Converting abstract concepts such as human values into actionable software tasks is one of the critical challenges in operationalizing human values in SE [40] . These findings suggest that considering human values while conducting RE activities may reveal features with different granularity levels. Therefore, being conscious about the level of granularity of the features in software design may help operationalize human values in RE. For instance, while conducting RE activities, a practitioner may explicitly label the granularity of the design choices and try to brainstorm less abstract features and more towards well-defined task levels. To give an example, one participant suggested feature eNR06-'Easy navigation', which is pitched at the epic/theme level, while another participant suggested eNR05-'Home page with easy access icons for most popular/important services', which is a more actionable task level feature.

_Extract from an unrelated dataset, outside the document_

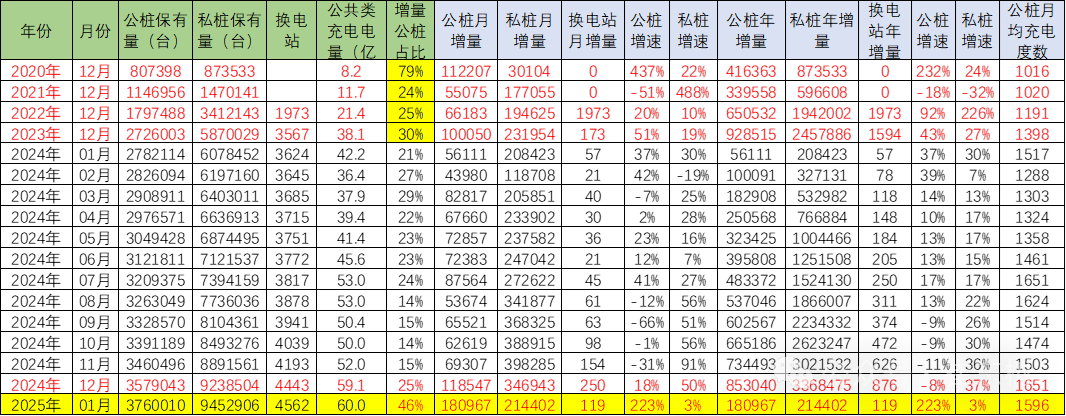 2025年1月的公樁總量達到376萬個,1月公樁數量較上月增長18萬個,快于去年同期223%。隨車私樁目前有945萬個,1月較上月增長21.4萬個,增速3%;1月公樁單樁月均充電1596度,較去年1月1517度增長較好。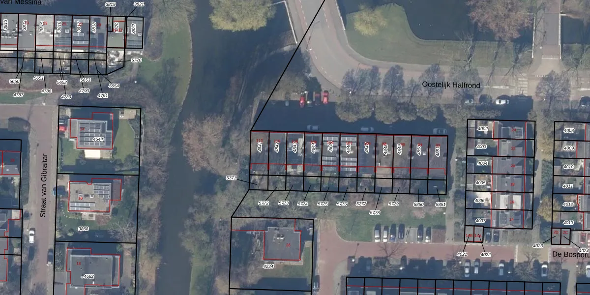 Gebruik de zoekbalk of klik op een perceel om informatie over het perceel te bekijken.

We found a total of 39 expected features, both functional (eFR01 to eFR24) and non-functional (eNR01 to eNR15) and 10 unexpected features (uFR01 to uFR07 and uNR01 to uNR03). As explained in section 3, our definition of expected features is bound to whether the feature emerged directly from the given information in the scenario (expected) or whether the participants drew on ideas outside the scenario and suggested the feature (unexpected).

We found some of the feature descriptions among expected features that depict that the scenario-based approach eased the participants' thinking process and helped them develop the purpose of the feature they proposed, i.e., why you need this feature? For example, eFR14 said 'reviews/rating system for service providers. So future service seekers will be able to get an understanding of how responsible service providers are'. With the use of the 'so' the participant went on to describe the rationale for why the feature is required. In this case, by providing a feature to review the quality of the service, it seems they want to ensure service providers are responsible, thereby focusing on the service seekers' quality of life. In feature eFR20, a participant suggested that 'When the user wants to on board on specify [specific] service provider, he/she should be put his credential as a token of responsibility; thus the provider could have capacity planning before-hand'. These examples, in particular, demonstrate that participants had thought about the different stakeholders involved and had considered the purpose of the feature from service seeker's and service provider's points of view. This leads to an interesting discussion on values trade-offs [43] , where one stakeholder's values might positively or negatively affect the (rest of the) values of the same stakeholder or another stakeholder.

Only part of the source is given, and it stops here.